The clash between religious belief and sexual orientation has become a key flashpoint in modern rights struggles. A decade after the first recognition of lesbians and gay men in UK equality law, the conflict continues to be played out in domestic courts and in the European Court of Human Rights. This conflict is a microcosm of the wider relationship between law, religion and homosexuality, and the discursive techniques deployed by legal and political actors – of which liberal rights discourse plays a key role. This thesis uses a Foucaultian-informed Queer lens to analyse the discourses and underpinning structures that limit the inclusion of non-heterosexuals in the public sphere.

Recent case law has highlighted a shift in religious conservative discourse, which now disavows homophobia while seeking reasonable accommodation of religious rights and conscientious objection to homosexual equality in employment and the provision of goods and services. This perpetuates the notion that religion deserves special treatment because of a necessary relationship between religious belief and disapproval of homosexuality. This binary approach not only negates the experience of Queer religious people; it also masks the state’s constructive delegation of homophobia through religious exemptions to equality law.
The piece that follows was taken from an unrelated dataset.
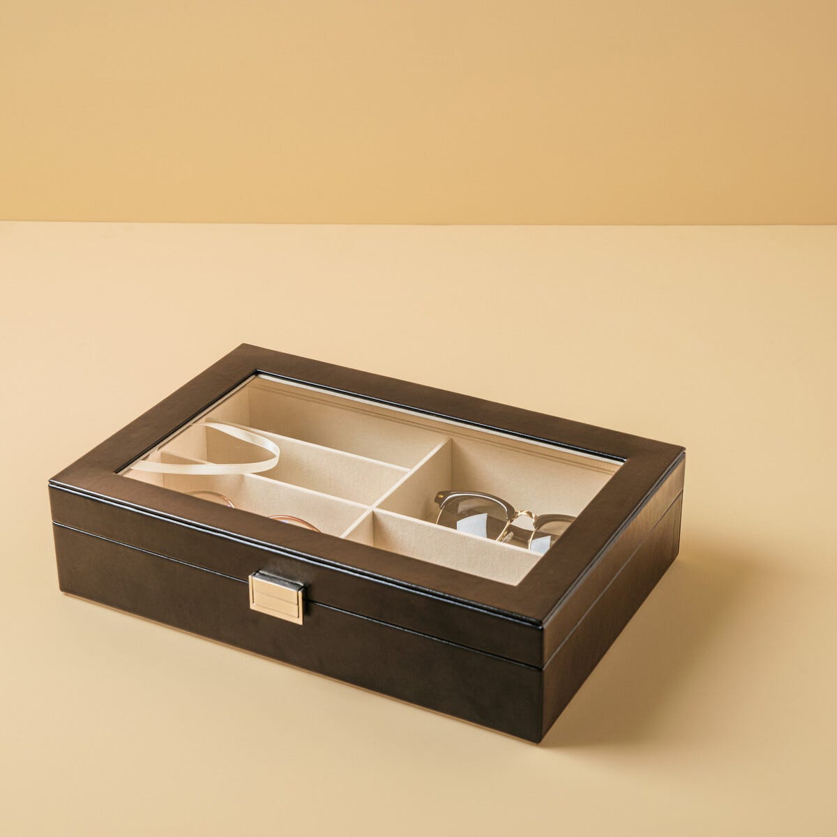 Glasögonförvaring, glasögonlåda med lock, 6 fack

These effects represent harms to gay people, constituting degrading treatment contrary to Article 3 of the European Convention on Human Rights.
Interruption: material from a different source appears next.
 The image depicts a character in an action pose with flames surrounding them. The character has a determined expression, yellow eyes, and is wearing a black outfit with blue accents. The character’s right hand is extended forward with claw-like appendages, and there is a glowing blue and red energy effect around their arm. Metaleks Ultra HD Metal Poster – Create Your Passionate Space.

Liberalism’s universal human subject of rights was constructed through the heteronormative and theonormative prism that still permeates equality law. Queer theory’s problematisation of the liberal rights paradigm offers a useful challenge to established norms and to the supposed neutrality of the state when adjudicating between conflicting rights. This thesis represents my contribution to the conversation between liberalism and Queer theory.